Conflitos em Ouro Preto

 Atualmente, fotografar as Ruas do Centro Histórico é um bom negócio, principalmente para quem já possui as fotos antes da reestruturação das mesmas, o que ocorre hoje.  Entretanto, vale usar a câmera para outros detalhes, como os pedaços de tecido preto, expressando luto, nas varandasantigas e as faixas de protesto contraa obra empreendida pela prefeitura.

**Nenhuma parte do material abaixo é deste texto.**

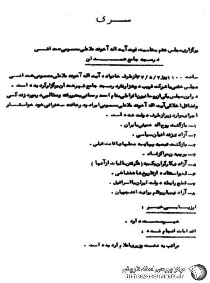 در این مجلس یکی از روحانیون افراطی بنام احمد رحمانی به منبر رفته و مطالبی در مورد زندگی و فضائل اخلاقی آیتاله اخوند ملاعلی معصومی ایراد و در خاتمه سخنرانی خود خواستار اجرای موارد زیر از طرف دولت شده است.

  Tenho viajado com frequência a cidades históricas do Brasil e pude verificar algo bastante interessante, o que discuti com alguns moradores de Ouro Preto, cidade de meu coração.  Diamantina, Serro, Olinda, Recife, Belém, São Luís e mesmo centro histórico de São Paulo, todos esses espaços possuem uma característica muito peculiar.   Excetuando-se São Paulo, onde as ruas históricas são estreitas e por onde não há trânsito de automóveis, todas as outras possuem obstáculos que não permitem sequer a proposta de um simples automóvel transitar.   Na maioria das vezes, estátuas como símbolos fálicos ou anjos ou pinhas gigantes se situam nas extremidades das ruas, o que propöe apenas o ir e vir dos pedestres.  É mais ou menos o que ocorre na Rua Randolfo Bretas, conhecida aqui como Rua das Escadinhas, palco de acidentes que destruírem duas vezes o Chafariz do Pilar.  Só que nessa rua há correntes.   Não consegui sentir insatisfação popular em São Luís; - MA pelo fato de não haver estacionamento na maioria dos pontos históricos da cidade e em Diamantina, ônibus, caminhão e camionete não circulam no centro.  Em Belém, ruas estreiras são limpas, lindas e livres de carros .   Talvez, por essa experiência, creio que a população da antiga Vila Rica devia avaliar com menos ira e mais  atenção o trabalho feito no centro, porque a Rua São José, por exemplo, parece uma avenida se comparada com rua de mesmo nome em várias cidades históricas brasileiras.

A falta de cortesia tanto de moradores quanto de moradoras era visível na cidade.  Moradores paravam para conversarem,  para se abraçarem ou para qualquer outra atividade, fazendo que os outros transeuntes tivessem que achar outra forma de continuarseu caminho.   Isso era pior em dias de chuva.  Motoristas estacionavam seus carros em frente a bancos e lojas formando às vezes filas duplas, não permitindo sequer que uma simples ambulância passasse.  Depois das obras, mais espaço para pedestre e menos para carro, via de mão unica e sem chance de estacionamento.  Ouro Preto vai se parecer mais com as outras cidades irmãs.

Falta entretanto campanha de elucidação popular porque a maioria da população ainda não compreendeu o que acontece no centro da cidade.

Turismo ensina muito e quando comparamos sítios históricos compreendemos muito melhor o  planejamento urbano de muitos deles.